*WORK TO BE COMPLETED*. No pictures in the copy. Write out the listing below exactly.

___ RECORDED DATA ___

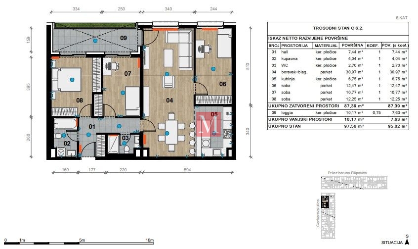 Raspoloživ četverosoban stan oznake C 6.2. na 6. katu zgrade, ukupne površine NKP 95.02 m2, na frekventnoj mikrolokaciji u neposrednoj blizini svih bitnih sadržaja, javnog prijevoza i centra grada.
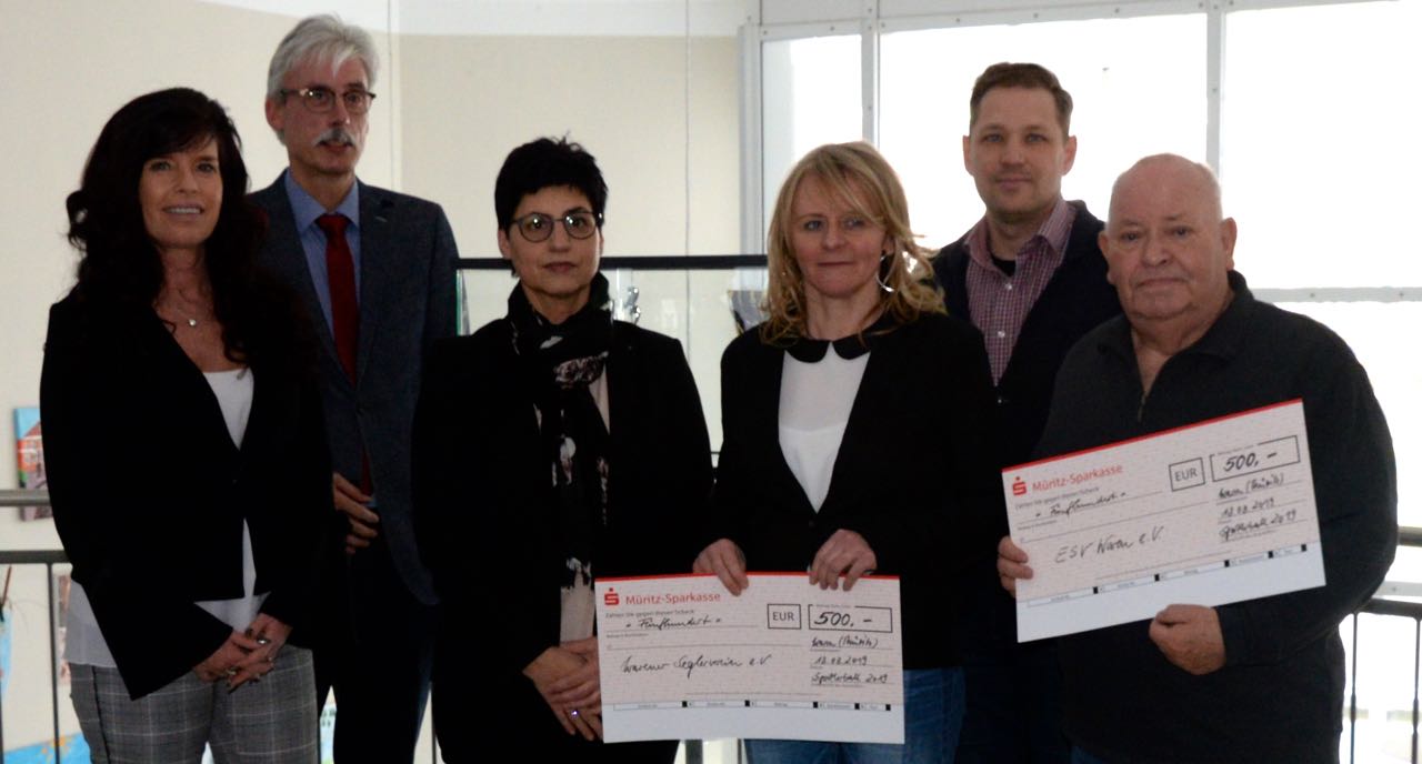 Im Beisein der Organisatoren und Hauptsponsoren wurden in der Stadtverwaltung je 500 Euro an den „Warener Seglerverein“ e. V. und den „ESV Waren“ e. V. für die Vereinsarbeit übergeben.
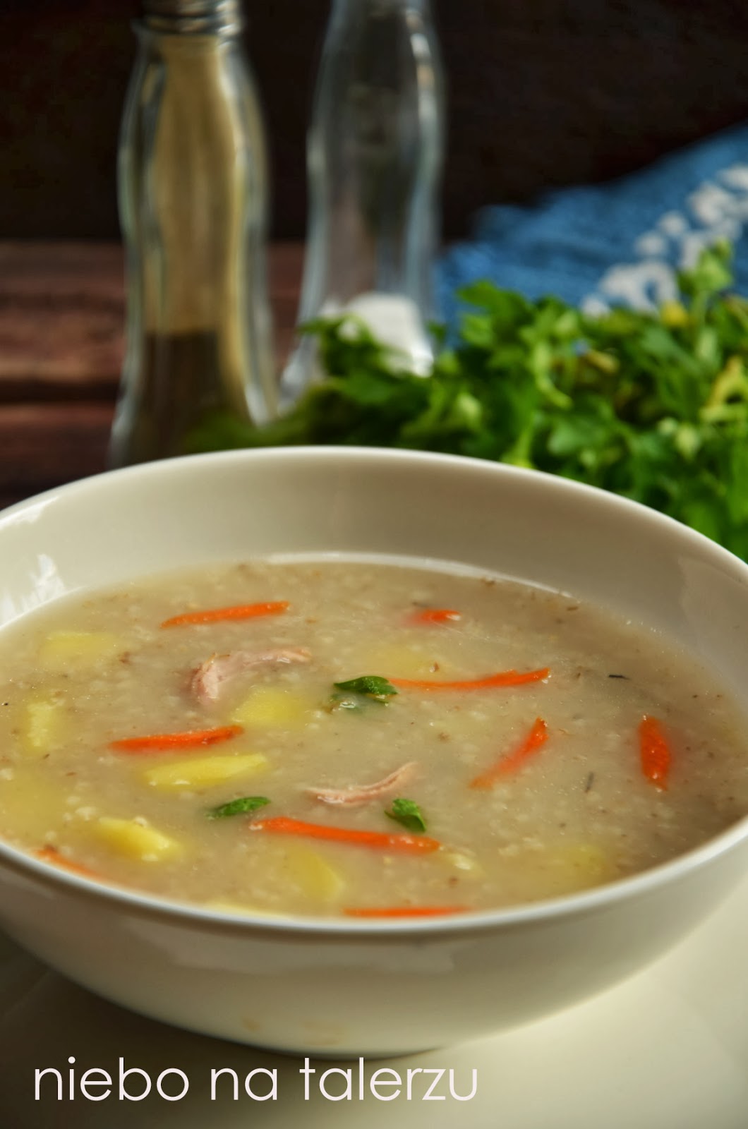 krupnik ma być na krupach jęczmiennych rzadki,a ten przepis zastosowałabym do kaszy z ziemniakami
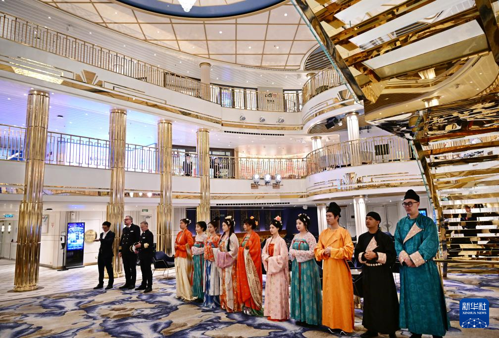 6日、「愛達・魔都号」のロビーで、乗客を出迎えるスタッフ。(青島=新華社記者/李紫恒)

___

*RESPONSE AREA*.
 Raspoloživ četverosoban stan oznake C 6.2. na 6. katu zgrade, ukupne površine NKP 95.02 m2, na frekventnoj mikrolokaciji u neposrednoj blizini svih bitnih sadržaja, javnog prijevoza i centra grada.
 Im Beisein der Organisatoren und Hauptsponsoren wurden in der Stadtverwaltung je 500 Euro an den „Warener Seglerverein“ e. V. und den „ESV Waren“ e. V. für die Vereinsarbeit übergeben.
 krupnik ma być na krupach jęczmiennych rzadki,a ten przepis zastosowałabym do kaszy z ziemniakami
 6日、「愛達・魔都号」のロビーで、乗客を出迎えるスタッフ。(青島=新華社記者/李紫恒)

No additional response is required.